Many biological processes are carried out by complex, multi-component macromolecular assemblies. The assembly and dynamics of these molecular machines has been central to structural and cell biology, and has imposed tremendous challenges owing to their unusual complexity. The research in this lab aims to understand the structural basis of assembly, dynamics and function of molecular complexes by using X-ray crystallography and electron cryo-microscopy as primary techniques. The current research is focused on viruses and bacterial infectosome.
DNA packaging/translocation is crucial in assembly and infection of many double-stranded DNA (dsDNA) viruses such as bacteriophages T7 and P22 and herpesvirus. The DNA packaging is achieved at a unique vertex of the viral capsid by a molecular motor consisting of the portal and terminase complex, which cleaves monomeric units from concatemeric viral DNA and pumps DNA into the capsid in an ATP-dependent manner. The translocation of viral DNA from within the capsid into the host cell in bacteriophages such as T7 and P22 involves a series of precisely controlled molecular events, fulfilled by several virally encoded proteins. The molecular mechanisms of DNA packaging and translocation in dsDNA bacteriophage and herpesvirus are being investigated by means of X-ray crystallography and electron cryo-microscopy.

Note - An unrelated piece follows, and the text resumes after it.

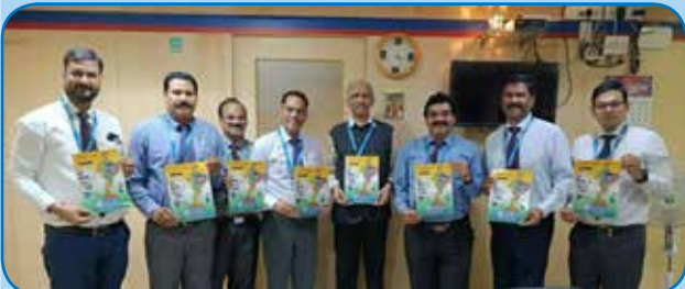
आंचलिक कार्यालय चेन्नई राजभाषा कार्यान्वयन समिति की बैठक में अंचल प्रमुख, उप आंचलिक प्रबंधक एवम सम्मानीय सदस्यों द्वारा अंचल की हिंदी ई पत्रिका *सेंट दक्षिण दर्पण* का विमोचन.

Many Gram-negative pathogenic bacteria employ a complex protein secretion system termed type III secretion system (TTSS) to transport bacterial effector proteins across three membrane barriers into eukaryotic host cytoplasm. The effector proteins delivered by TTSS are capable of modulating and interfering with the host cellular processes, which cause diseases in animals and plants such as plague, typhoid fever, bacterial dysentery. The TTSS is composed of more than 20 structural proteins, effector proteins, and chaperones. Our structural investigation targets the major structural components, the needle complex and the translocon, of TTSS in Shigella flexneri.